Shadow Best Practices
- Keep shadow documents small (<8 KB). Large shadows increase MQTT message size and DynamoDB read/write costs on the shadow service backend.
- Use
reportedstate from the device,desiredstate from the cloud application. Thedeltafield tells the device what to change. - Set version-based optimistic locking on updates to prevent stale writes from overwriting newer state.
IoT Rules Engine
The rules engine evaluates SQL statements against incoming MQTT messages and routes matching data to AWS service actions. Every production deployment should have at least one rule for data ingestion and error handling.
Rule SQL Basics
SELECT temperature, humidity, timestamp() as ts, topic(4) as device_id
FROM 'acme/prod/temperature-sensor/+/telemetry'
WHERE temperature > 0 AND temperature < 150
topic(n)extracts the nth level from the topic string (1-indexed)timestamp()adds server-side UTC timestampWHEREclause filters before action execution, reducing downstream processing cost- Use
SELECT *sparingly; extract only the fields needed to minimize action payload size
Action Selection Guide
| Data Destination | Rule Action | When to Use |
|---|---|---|
| Real-time processing | Lambda | Custom transformation, enrichment, or fan-out logic |
| Time-series storage | Timestream | Telemetry that needs time-range queries and aggregation |
| Key-value lookups | DynamoDB / DynamoDBv2 | Device metadata, latest state, configuration |
| Streaming analytics | Kinesis Data Streams | High-throughput ingestion for real-time analytics pipelines |
| Bulk archival | S3 | Raw telemetry archival for compliance or batch analytics |
| Notifications | SNS | Alert routing to email, SMS, or HTTP endpoints |
| Decoupled processing | SQS | Buffer messages for downstream consumers that process at their own rate |
| State machine triggers | IoT Events | Multi-device event correlation and complex event processing |
| Republish | IoT Core republish | Route to another MQTT topic for device-to-device via cloud |
| Search and dashboards | OpenSearch | Operational dashboards and full-text search over telemetry |
Error Actions (Always Configure)
Every rule must have an error action. Without one, failed rule actions silently drop data with no notification and no retry. Configure error actions to route failures to S3 or SQS for later reprocessing.

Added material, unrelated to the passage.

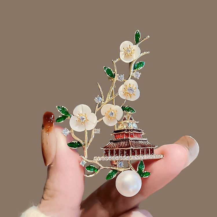 天然貝母梅ブローチ高級女性レトロ大気胸花真珠ピンチャイナドレス漢服装飾品プレゼント

See references/rules-engine-patterns.md for detailed SQL examples and error action configuration.
IoT SiteWise (Industrial IoT)
Use IoT SiteWise instead of raw IoT Core + custom storage when the workload involves industrial equipment with OPC-UA data sources, asset hierarchies, and time-series metrics that need automatic aggregation (min, max, avg, count over time windows).
When to Use IoT SiteWise
- Industrial environments with OPC-UA or Modbus data sources
- Need for asset hierarchy modeling (factory > line > machine > sensor)

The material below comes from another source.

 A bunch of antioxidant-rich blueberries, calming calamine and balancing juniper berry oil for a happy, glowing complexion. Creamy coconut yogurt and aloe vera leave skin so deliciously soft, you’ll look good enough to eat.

- Pre-built portal/dashboard capabilities for operators (SiteWise Monitor)
- Edge data collection and processing via SiteWise Edge gateway
When to Skip IoT SiteWise
- Consumer IoT devices using MQTT natively (use IoT Core directly)
- Custom data formats that do not fit the asset model structure
- Workloads already using Timestream with custom dashboards (Grafana)
IoT Events
Use IoT Events when device telemetry needs to trigger state-machine logic across multiple devices or time windows, and the logic is too complex for simple IoT Rules Engine WHERE clauses.
Detector Models
- Define states (e.g., NORMAL, WARNING, CRITICAL) with transitions based on input conditions
- Each detector instance tracks state for one device independently
- Actions on state entry/exit/transition: send SNS, publish to IoT Core, invoke Lambda, write to DynamoDB
- Use for: equipment health monitoring, multi-sensor correlation, threshold-with-hysteresis alerting (avoid alert flapping by requiring sustained condition before state change)
Fleet Provisioning
Method Selection
| Scenario | Method | Why |
|---|---|---|
| Factory installs unique certs per device | JITP (Just-in-Time Provisioning) | Simplest: device connects, CA is recognized, thing is auto-created. Requires trusted manufacturing chain. |
| Factory installs unique certs, need custom validation | JITR (Just-in-Time Registration) | Lambda hook validates additional attributes before activating the certificate |
| Cannot install unique certs during manufacturing | Fleet Provisioning by Claim | Devices share a claim certificate, exchange it for a unique identity on first boot. Use pre-provisioning Lambda hook to validate serial numbers against an allow-list. |
| End user or installer provisions device | Fleet Provisioning by Trusted User | Mobile app generates temporary credentials for the device. Highest security for consumer devices. |
Provisioning Best Practices
- Always use a pre-provisioning Lambda hook with fleet provisioning by claim to validate the device identity against an allow-list. Without this, anyone with the claim certificate can provision unlimited devices.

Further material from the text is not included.